No âmbito da Agenda Mobilizadora AM2R, a Miranda & Irmão e o INEGI validaram uma liga de alumínio de alta resistência como alternativa aos eixos convencionalmente produzidos em ligas metálicas de elevada densidade. A caracterização química, microestrutural e mecânica confirmou a conformidade do material com a norma de referência. A análise da resistência específica evidenciou uma vantagem clara face às soluções de maior densidade, traduzida numa redução significativa de peso do componente. A validação numérica do conjunto, confirmou um comportamento puramente elástico sob a carga mais exigente prevista, sustentando a viabilidade técnica de eixos mais leves e duráveis para a nova geração de bicicletas.

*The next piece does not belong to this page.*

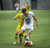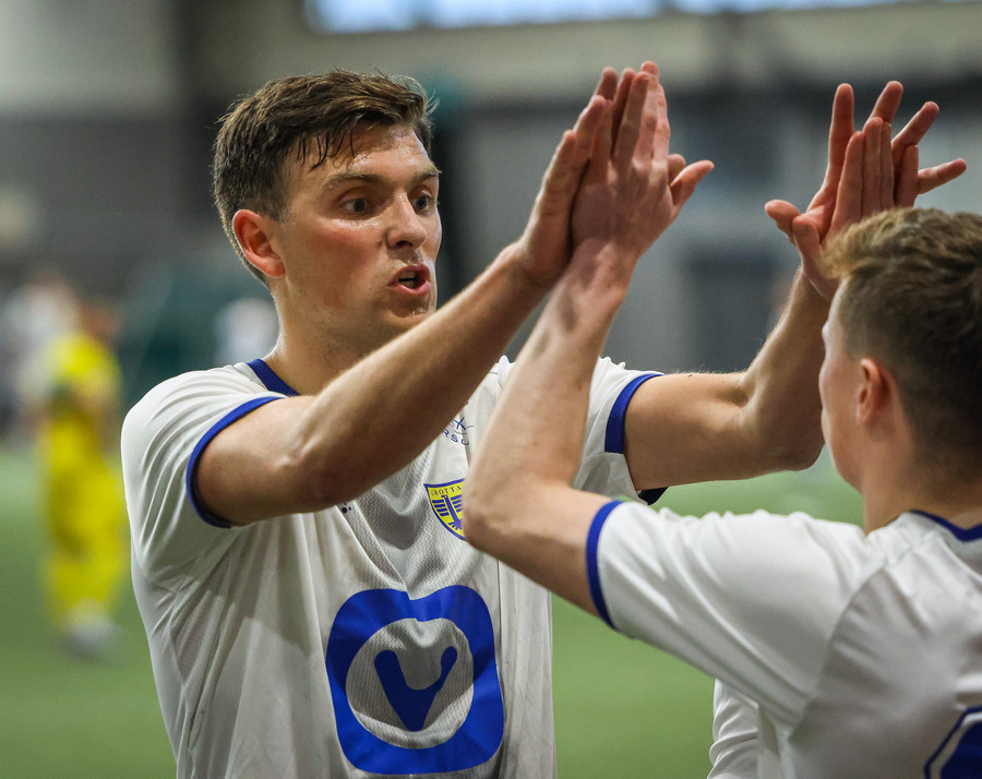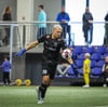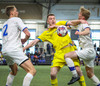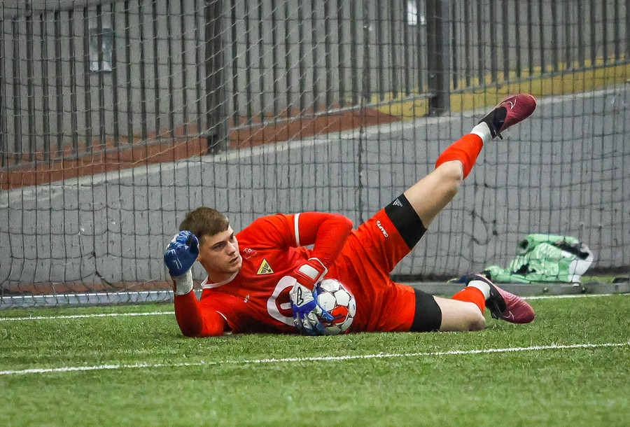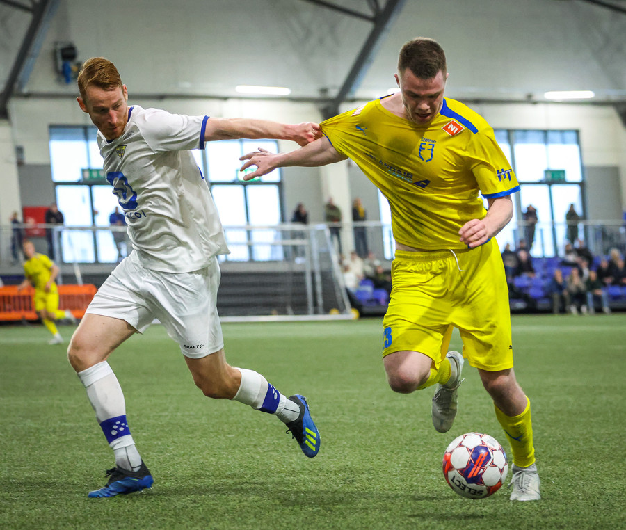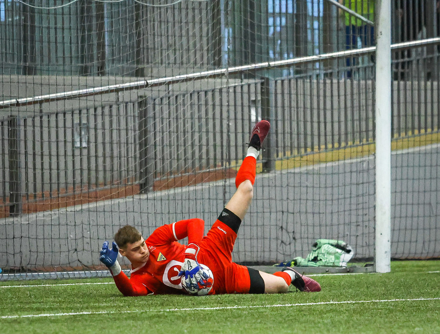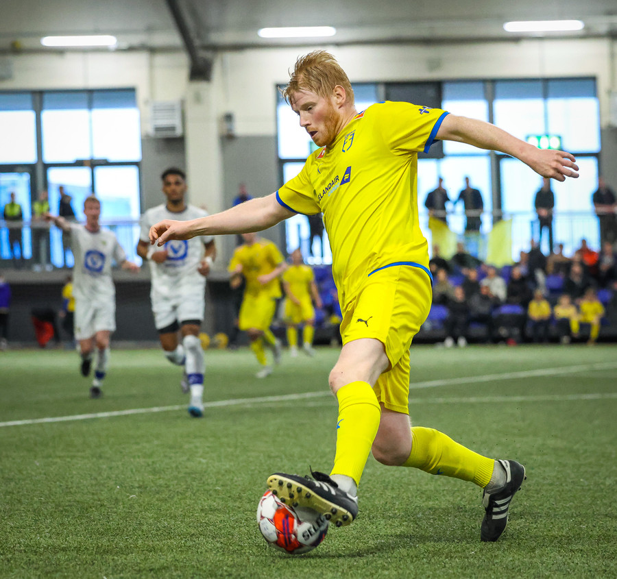 Guðmundur Karl (Fjölni) með skot rétt fyrir utan teig sem Rafal ver án mikillar fyrirhafnar.

A eletrificação e a procura por bicicletas cada vez mais leves e eficientes têm intensificado os requisitos de desempenho, durabilidade e sustentabilidade impostos aos componentes de transmissão. O conjunto pedaleiro, composto por crencos, eixo e roda pedaleira, está sujeito a carregamentos cíclicos elevados e a combinações complexas de esforços mecânicos, sendo o eixo o elemento central responsável por transmitir os esforços dos crencos para o movimento central da bicicleta, figura 1.
Figura 1: O conjunto crenco-eixo é um dos elementos mais críticos do pedaleiro, sujeito a cargas cíclicas elevadas em cada pedalada.

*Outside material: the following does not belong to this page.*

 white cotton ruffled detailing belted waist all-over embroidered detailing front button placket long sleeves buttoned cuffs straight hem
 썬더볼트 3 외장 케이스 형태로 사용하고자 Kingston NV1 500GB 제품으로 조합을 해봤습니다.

Atualmente, os eixos são produzidos, na sua maioria, em ligas metálicas de elevada densidade por maquinação CNC, com tratamentos termoquímicos de endurecimento superficial. Embora garantam propriedades mecânicas adequadas, estas soluções apresentam limitações em produtividade, peso e adaptação à mobilidade elétrica, onde o acréscimo de massa do motor e da bateria torna imperativa a redução de peso dos componentes estruturais. As ligas metálicas de baixa densidade e alta resistência, endurecíveis por tratamento térmico T6 que envolve as etapas de solubilização, têmpera e envelhecimento artificial, com precipitação controlada de fases que conferem um aumento de dureza e resistência mecânica, assumem-se como alternativa viável, combinando resistência mecânica elevada, boa ductilidade e excelente maquinabilidade com densidade significativamente inferior [1].

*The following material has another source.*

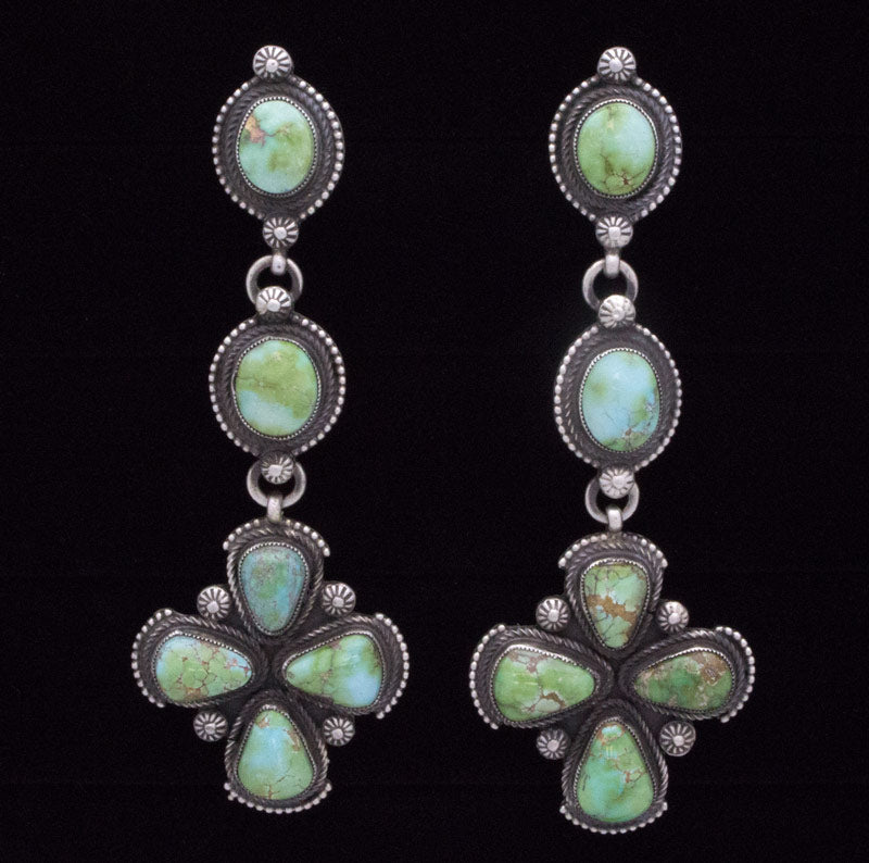 "Old Style" Ingot Sterling Silver Double-Dangle Fat Cross Earrings Each Set With 6 Natural Sonoran Gold Turquoise Stones.  Masterfully Handmade And Designed By Navajo Artist CALVIN MARTINEZ.
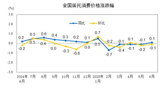2025年6月份居民消费价格同比上涨0.1%    2025年6月份,全国居民消费价格同比上...

Foi este o desafio que a Miranda & Irmão e o INEGI decidiram enfrentar em conjunto, no âmbito do PPS26 do WP4 da Agenda Mobilizadora para a Inovação Empresarial do Setor das Duas Rodas (AM2R), financiada pelo PRR. O objetivo passou por selecionar e validar experimentalmente uma liga metálica de baixa densidade e alta resistência como substituto dos eixos convencionalmente produzidos em ligas de elevada densidade, estabelecendo relações entre material, microestrutura e comportamento mecânico que suportem a decisão de engenharia e demonstrando conformidade com os requisitos de segurança da norma ISO 4210-8 [2], que especifica os métodos de ensaio para sistemas de pedais e transmissão, incluindo ensaios de fadiga do conjunto crenco-eixo sob cargas que simulam a ‘posição de ataque’, com o ciclista em pé sobre os pedais em descida.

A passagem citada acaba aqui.